Something suddenly knocked Shelby into the table. A shouting bartender:
“No! Not again!”

Brook turned as Eunice ran past her, followed by Edith, who had grabbed a cue stick off the wall. “I’m sick of the diaper jokes! . . .”
Swing
. The stick missed Eunice.

“Ow!” Shelby rubbed his shoulder as the women raced in a circle around the table.

On the next pass, Eunice grabbed her own stick and turned. “Then stop shitting yourself!”
Swing
.

The stick smacked the Jägermeister lamp over the pool table before a pair of bartenders finally separated the women and escorted them away. “No more Wild Turkey for you.”

Shelby raised an eyebrow at Brook. “This happen often?”

Brook was already lining up her next shot. “More often than not.” She sank the eight ball again. All the striped balls were left again. “Another game?”

Shelby just held his beer and stared at the table. “How’d you learn to play pool like that?”

Brook shrugged and finished her current drink. “I’m from Brooklyn.”

Shelby narrowed his eyes a moment. “Brooklyn . . . Brook?”

Another shrug. “Dad was a Dodgers fan. Claimed we were related to the catcher, but I doubt it.”

“Where’s your dad now?”

“Let’s sit down,” said Brook. “I’ll tell you a story.”

They grabbed a pair of stools and the bartender produced another round of drinks.

“You can’t tell anybody this,” said Brook. “It could ruin me.”

“You mean get disbarred?”

“Go to jail.”

“You trust me that much already?”

“Yes, but even friends can be subpoenaed by grand juries.” She handed him a dollar.

“What’s this?”

“I’m hiring you as my attorney,” said Brook. “That makes everything I’m about to say privileged communication.”

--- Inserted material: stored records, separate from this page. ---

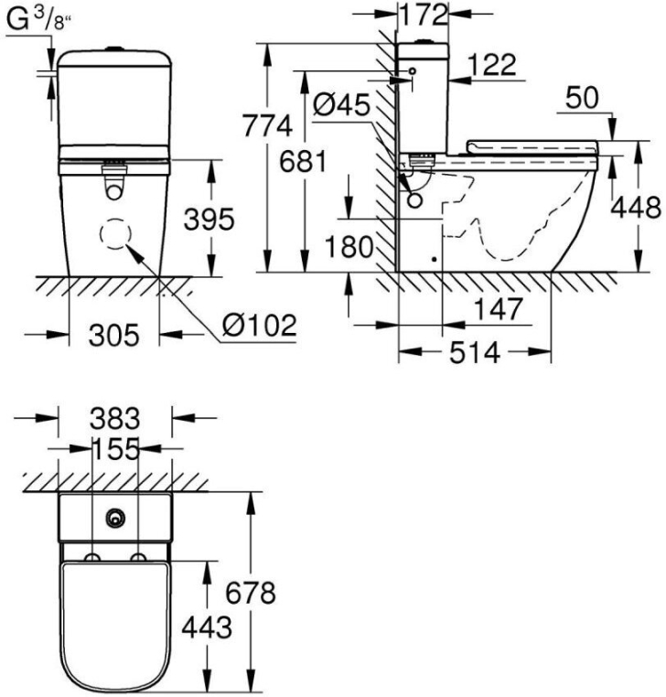 Напольный унитаз Grohe Euro Ceramic с бачком и микролифтом, безободковый 39462000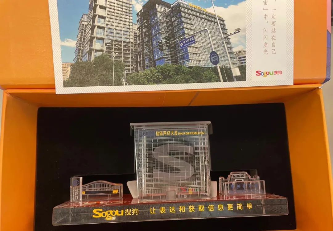 其实,在9月17日,搜狗曾给员工送过一份中秋节礼物,一套搜狗网络大厦的模型。有大厦的主体,有标志性的五道口地铁站,有大家熟悉的楼下的中关村东路,以及不远处的清华大学校门。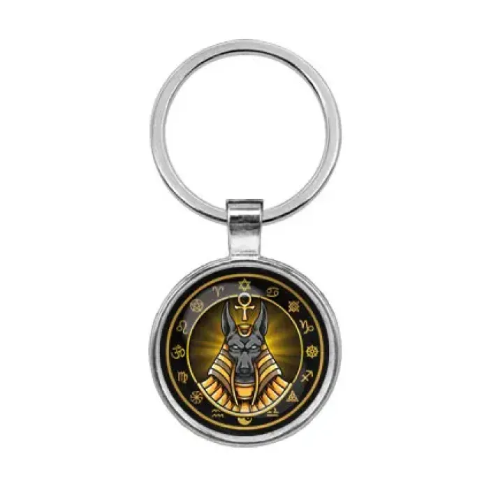 Брелок-сувенир из бижутерного сплава и стекла с дизайном в виде древнеегипетского божества Анубиса.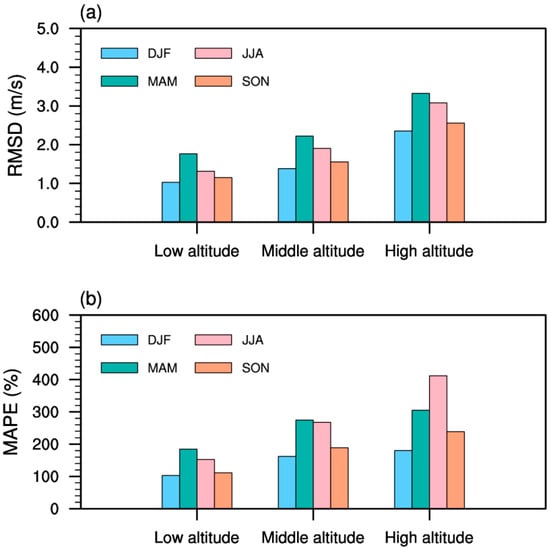 Seasonal (a) RMSD and (b) MAPE between CN05.1 observations and ERA5 reanalysis data, stratified by three elevation zones: low (<1000 m), mid-altitude (1000–3500 m), and high (≥3500 m). Seasons: DJF (December–January–February), MAM (March–April–May), JJA (June–July–August), SON (September–October–November).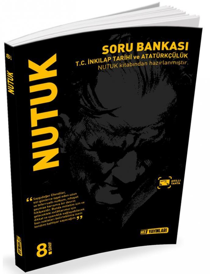 - NUTUK SORU BANKASI Ulu Önder Mustafa Kemal Atatürk'ün kadim mirası "NUTUK" referans alınarak hazırlanmış olup, sizlere sınava hazırlayacak temel kavramları içermektedir. Tamamı yeni müfredata uyumlu T.C. İnkılap Tarihi ve Atatürkçülük dersini Nutuk'un kazanımlarıyla inceleyeceksiniz. Doğrudan MEB kazanımlarına uygun olarak ve tamamen sınav tarzında özgün sorulardan oluşur.
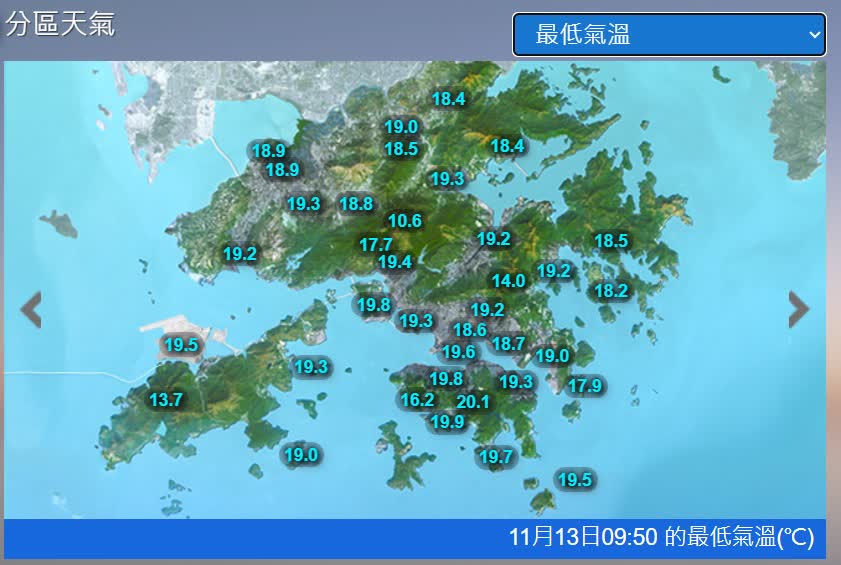 乾燥東北季候正影響華南。同時,一道雲帶覆蓋廣東沿岸。本港今(13日)早天氣稍涼,氣溫普遍下降至20度左右,打鼓嶺及大美督只得18.4度。天文台指,下星期二及星期三(18及19日)天氣顯著轉涼,下星期二氣溫會降至16,19日更進一步下跌至只有15度,風勢頗大。 本港地區今日(13日)天氣預測大...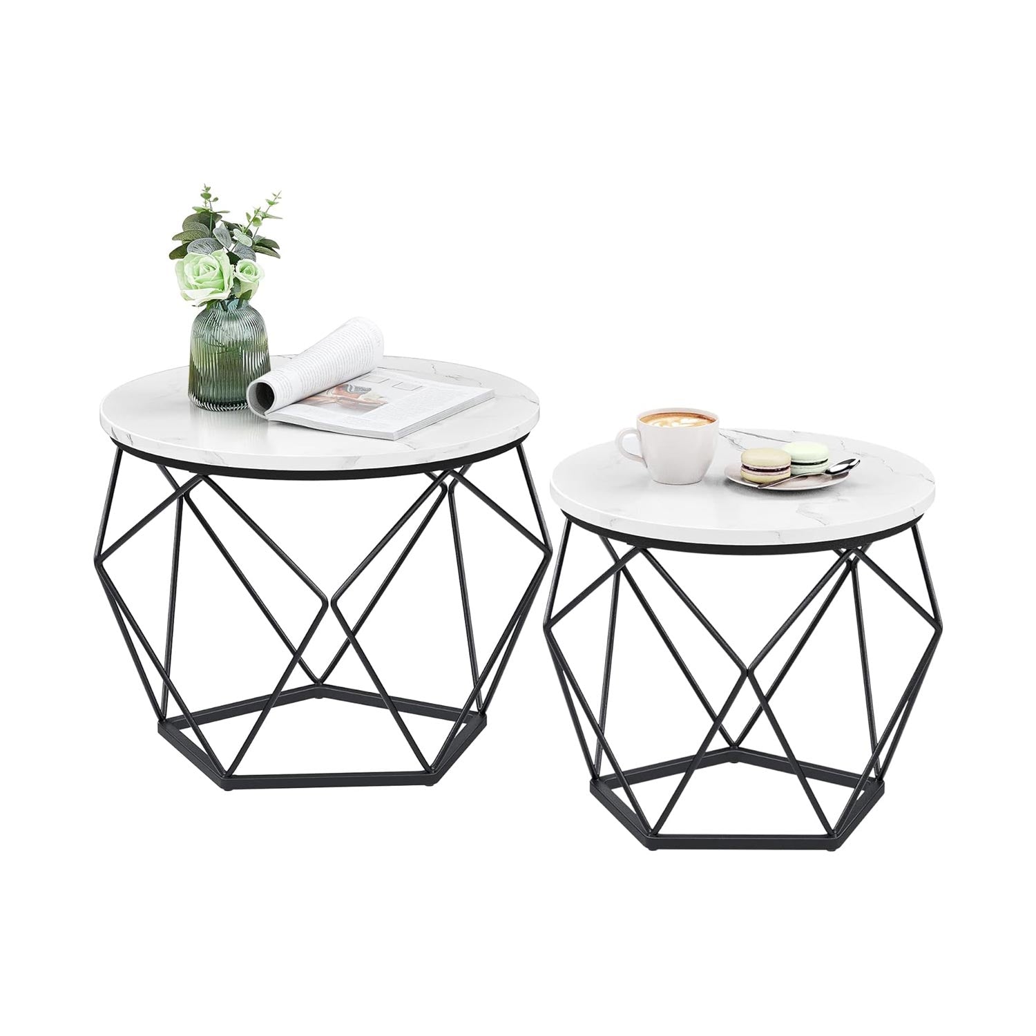 Sættet er fremstillet af kvalitets partikelboard og en robust stålramme, hvilket sikrer stabilitet og holdbarhed. Hvert lille bord kan bære op til 20 kg, hvilket betyder, at du kan placere dine kaffe- og te-kopper samt dekorationer uden risiko for vuggen. Denne stærke konstruktion gør, at bordene forbliver stabile og funktionelle i mange år fremover.

Then she gave another dollar to the guy sitting on her other side. “I’m in.” The patron passed her a foam can coozie. She shook it and dumped six dice on the bar.

“Damn.” “She did it again.” “Why do we let her play?”

“What are you doing?” asked Shelby.

“Friendly local tradition called ‘ship, captain, crew.’ ” She passed the coozie down the bar. “Now back to consulting with my new attorney. It all started shortly after I moved down here to take care of my dad . . .”

Shelby remained uniformly silent for the next half hour as Brook spun her inconceivable yarn. She finally reached the end. “And I’ve never seen Serge since . . .”

Shelby didn’t know what to say, so he didn’t.

“Say something,” said Brook.

“I had no idea.”

He was looking at her, but she could tell his gaze was slightly off. She touched the side of her neck. “The scar?”